Несколько минут по-кошачьи зелёные глаза неотрывно следили за еле колышущейся хвоей. Лёгкий ветер шевелил упавшие до пят волосы и широкую юбку, обдувал белые, как кость, груди. Мутная жидкость в тазу с серыми рыхлыми ошмётками парила прозрачным дымом и мерзким, маслянисто-мясным духом. Периодически по ней пробегали чёрные искры.

Справа в терновнике что-то хрустнуло, и ведьма с торжествующим воплем выплеснула содержимое таза на кусты. Вонючая волна неестественно широким пластом взрезала воздух, когда из зарослей навстречу ей высоко выпрыгнула чёрная фигура. Она, поджав ноги, перелетела воду, плащ плеснул по воздуху вороньим крылом, и узкая полоса стали со свистом вошла в шею ведьмы.

 

***

Сегодня в доме главы города Мондарта, господина Тира, было неестественно тихо. Оцепенение будто разом напало на всех, от господ до последнего слуги. Помалкивали обычно говорливые кухарки и горничные; работники безмолвно покуривали у распахнутых дверей амбара или молча рубили дрова. Даже птицы на заднем дворе и лошади в стойлах притихли.
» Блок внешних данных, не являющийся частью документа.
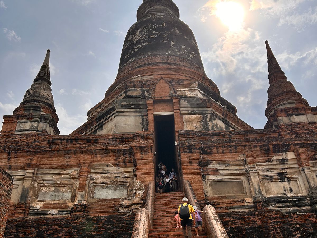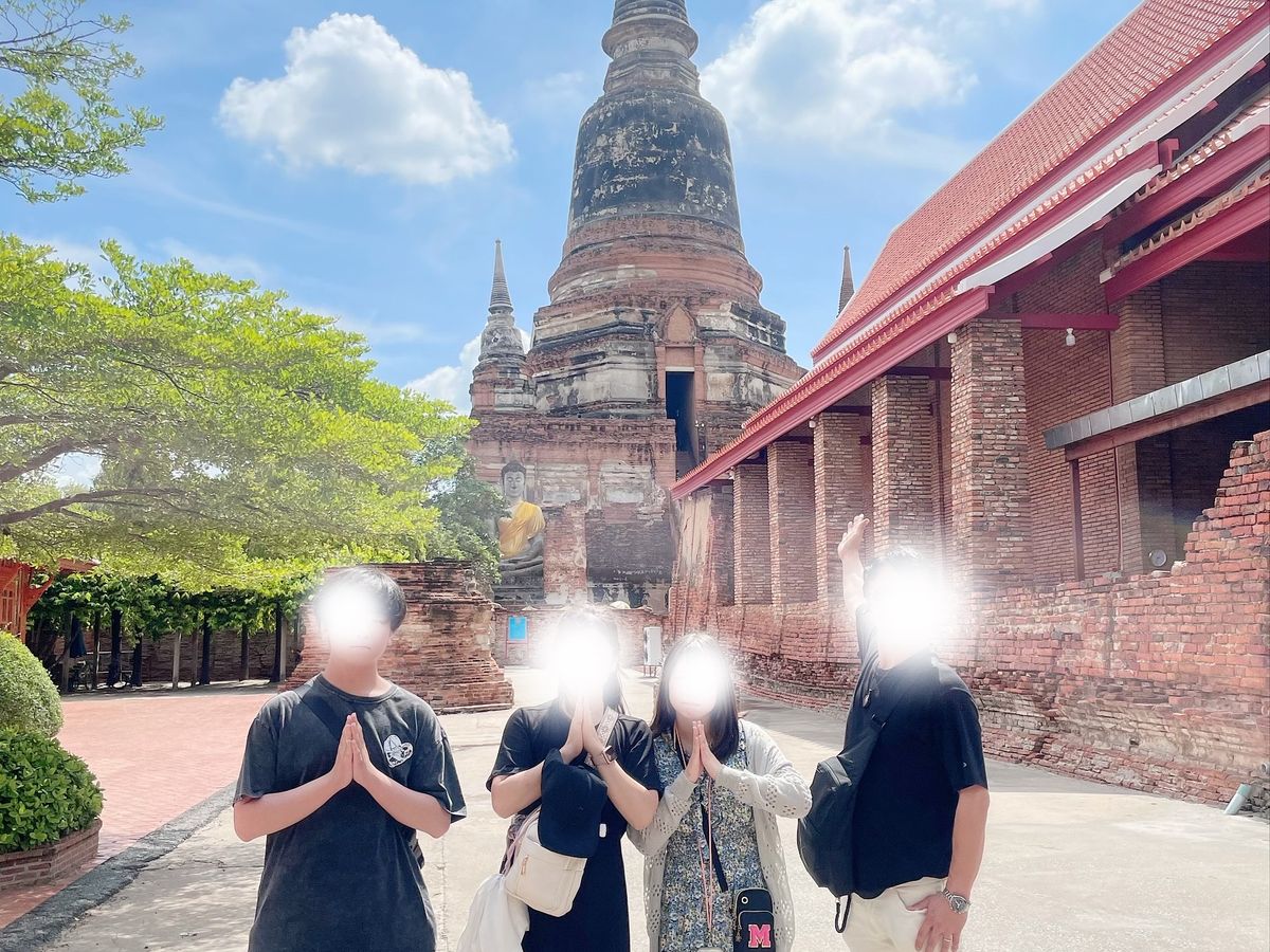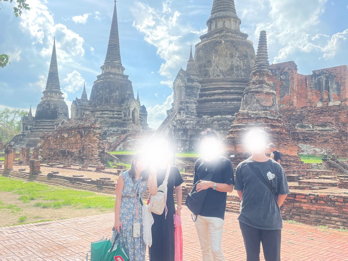 ひたすらに暑い長い一日でしたが、充実したツアー内容で楽しかったです。緑の天井の寺院は神秘的!アユタヤ遺跡は壮大でした。ピンクのガネーシャは平日の夕方だからか閑散としていて寂れた昭和の様でした。日本語ガイドの方、歴史的な話などたくさんしてくれて楽しかったです。が、撮ってくださった家族写真がどれもいまいち、なかなか二度とは行けない場所なのでもう少し丁寧に撮ってくれたら嬉しかったです。
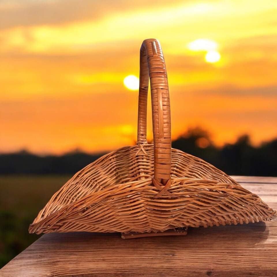 XL Vintage Wicker Gathering Basket Herb Flower Garden French Country Style Wood

Сам глава Тир сидел в своём кабинете в угловом флигеле и периодически поглядывал в окно, завешенное густым хмелем. В гостиной жена главы что-то вязала дрожащими пальцами.

Их сын, Якоб Тир, стоял у чёрного входа, опершись на перила крыльца. Это был высокий широкоплечий мужчина с буйными русыми кудрями и небольшой опрятной бородкой. В данный момент Якоб будто целиком сосредоточился на курительной трубке, в которой его похожие на поленца пальцы тщательно утрамбовывали табак.

Со стороны проулка донёсся стук копыт. С каждой секундой он был всё ближе и ближе, и Якоб вскинул голову, щуря глаза в сторону звука. Не глядя, он чиркнул спичкой о стену дома и закурил.

Когда он первый раз пыхнул колечком дыма, на улицу перед домом Тиров выехала рысью гнедая кобыла с закутанным в чёрное всадником. Он въехал во двор, и Якоб сошёл с крыльца навстречу.

Всадник спешился. Плащ распахнулся, открывая женскую фигуру в потрёпанном костюме для верховой езды и высоких, замызганных сапогах. Рука в потёртой перчатке приподняла край шляпы, другая приспустила ворот плаща, открывая обезображенное шрамом узкое лицо с впалыми щеками и цепкими жёлтыми глазами.

Подбежавший слуга взял лошадь под уздцы и привязал у специального столбика.

– Снова здравствуйте, госпожа Гретель, – сказал Якоб Тир, – Всё сделано?

Охотница на ведьм, Гретель Зензенманн, кивнула и отцепила от седла холщовый мешок, схваченный суровой нитью. Дно мешка застыло от пропитавшей его крови.

Якоб открыл дверь и жестом пригласил гостью войти. Они прошли в гостиную. Там Тир-младший послал за отцом.

Госпожа Тир нервно привстала с кресла. Побелевшие пальцы судорожно сжали вязание, испуганные глаза с непониманием глядели на мешок.

– Что это? А где…

– Матушка, – перебил Якоб. – Давайте подождём отца.

Старушка умолкла, и сын мягко приобнял её за плечи.

В дверях появился глава Тир. Широким твёрдым шагом он зашёл в гостиную. Его взгляд наткнулся на мешок. Он нахмурился.

– Итак, – начал глава, глядя на Гретель, – Ведьма убита?

Женщина кивнула.

– А наша дочь? – продолжил Тир, – Или, когда вы пришли, было уже…

Госпожа Тир всхлипнула и прижала к лицу руки. Пряжа тут же потемнела от слёз.

– Отец, – негромко сказал Якоб, – Я хочу увидеть лицо ведьмы.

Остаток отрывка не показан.